The show begins as ten actors, clad in street clothes and cupping lighted candles, proceed into the black box-style Production Studio theater. Jennifer Alonzo, Fanny Andrade, Ashley Bassot-Lee, Rick Bivens, Gia Mora Chinisci, Dan Hiester, Elizabeth Lee, Mio Nagashima, Bill Selig and Petra Ulrych constitute the ensemble. The performers take up residence on this or that patch of gravel and enact various scenes while unearthing artifacts gleaned during several visits to the Amache site (the artifacts themselves, which were originally dug up at the Amache site by the acting company, will be catalogued and donated to the Amache Preservation Society for use in a museum; the National Park Service is developing Amache into a cultural heritage site). Some episodes are the stuff of dispassionate documentary, while others, such as a couple of poignant oral histories, awaken long-simmering passions.

We quickly learn that, following Japan's attack on Pearl Harbor, 121,113 Americans of Japanese descent were taken from their homes and transported to one of ten internment camps located in seven states. Over the course of 35 days, 7,806 people were herded into Amache, a patch of desert farmland next to the southeastern town of Granada, Colorado. They were assured that the move was for their own safety and that the barbed-wire fences were meant to keep out neighboring cows. But no one offered the residents any comforting explanations for the harsh realities that awaited them -- a situation that the actors expertly convey throughout.

In fact, they perform each episode as though they've personally lived it -- which, in a way, they have. They've devoted countless hours to research, study, improvisation and editing of the material to a length that can be digested in a single sitting. The result is a series of historical scenes and present-day arguments that evoke, rather than describe in self-indulgent detail, the process of reconciling fact with interpretation.
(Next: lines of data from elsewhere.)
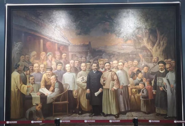 館內(nèi)穿越時空同框的佛山先賢展畫。佛山日報記者呂嘉怡攝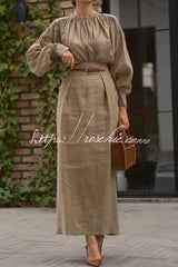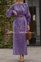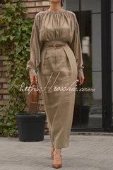 Solid Color Round Neck Long-sleeved Pleated Shirt and Elegant Maxi Skirt Set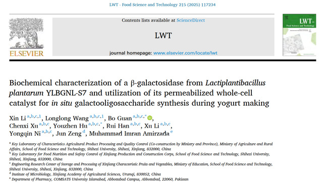 近日,yl23455永利集团关波教授、胡有贞副教授指导研究生在LWT-Food science and technology(中科院一区Top,IF=6.0)发表了题为 “Biochemical Characterization of a β-Galactosidase from Lactiplantibacillus plantarum YLBGNL-S7 and Utilization of its Permeabilized Whole-cell Catalyst for in situ Galactooligosaccharide Synthesis during Yogurt Making(植物乳植杆菌YLBGNL-S7 β-半乳糖苷酶的生化特性及其透性化全细胞催化剂在酸乳制备过程中原位合成低聚半乳糖的应用)”的原创性研究论文。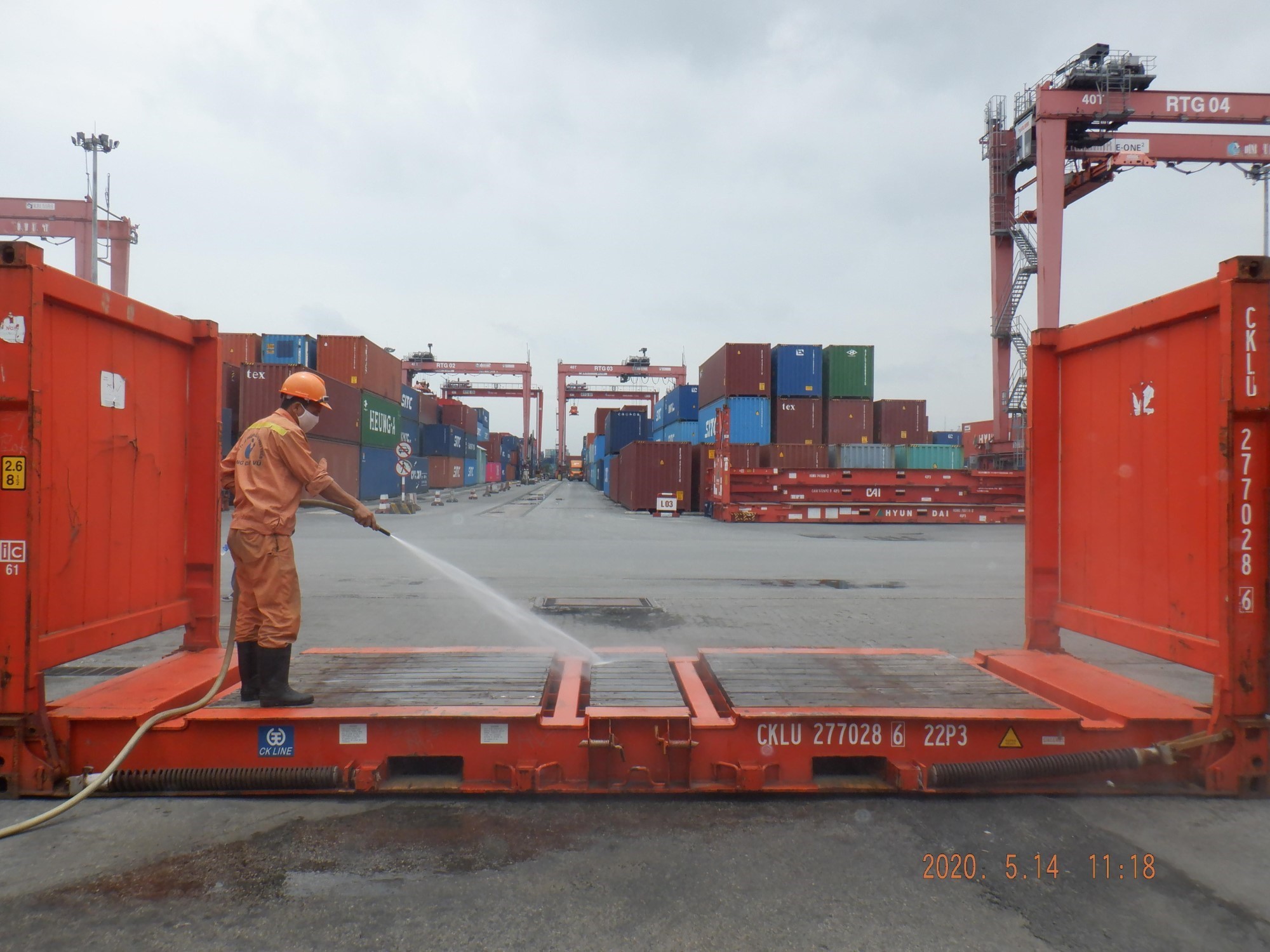 Khu dịch vụ vệ sinh container rộng 300 m² xe ra vào thuận tiện, khu vực sửa chữa container được quy hoạch riêng rộng hơn 1.000 m², có thể linh hoạt mở rộng trong trường hợp số lượng container sửa chữa tăng nhiều. Với công suất bình quân có tuần vượt hơn 2.000 vỏ container được giám định và vệ sinh - sửa chữa, Cảng Đình Vũ cam kết đảm bảo chất lượng dịch vụ để đem lại sự hài lòng cho khách hàng và các hãng tàu.

American soldiers, we're told, snatched an infant from its mother while the family was boarding a transport train and later dumped the baby on a spare seat only when the journey was "safely" under way. The distraught mother recovered her precious bundle only when it was too late, and she buried the child in Amache's shifting sands -- an outcome that prompts one performer to turn to the audience and ask, "What would have happened to the security of the United States if this young woman had simply refused to leave the city in which she was born?" During another equally moving scene, a young man visits the grave of an older relative who lived at Amache. As he does, past pain merges with present anguish, bringing to mind the same sort of poignant defiance witnessed at sections of present-day sites reserved for visitors to cry out "against the currents of closure."

Later, when we hear of the senseless shooting death of one of the residents, sound effects of thunder and falling rain underscore the murderous aftermath, and, for an instant, the air in the theater actually feels wetter and colder. And when the actors begin to debate the wisdom of resurrecting history -- a researcher with a tape recorder paces the grounds wondering what it all means, while another group of performers put on a play within a play -- their story hits home with newfound meaning. The question to ask, they say, isn't "How could this have happened in America?" but "Are we so sure it isn't happening now?"

According to Cuetara, future installments of the trilogy will be presented in February 2002 and 2003 to mark the annual Week of Remembrance; they'll also premiere at UCD if the university provides the necessary funds. "We need to address what happens when people are stripped of their dignity," says Cuetara. "Do they ever get it back?" That query, like all the others, deserves an answer -- and, similarly, raises yet an even more troubling question: What do we do if, like our ancestors, we arrive at an answer we don't necessarily like?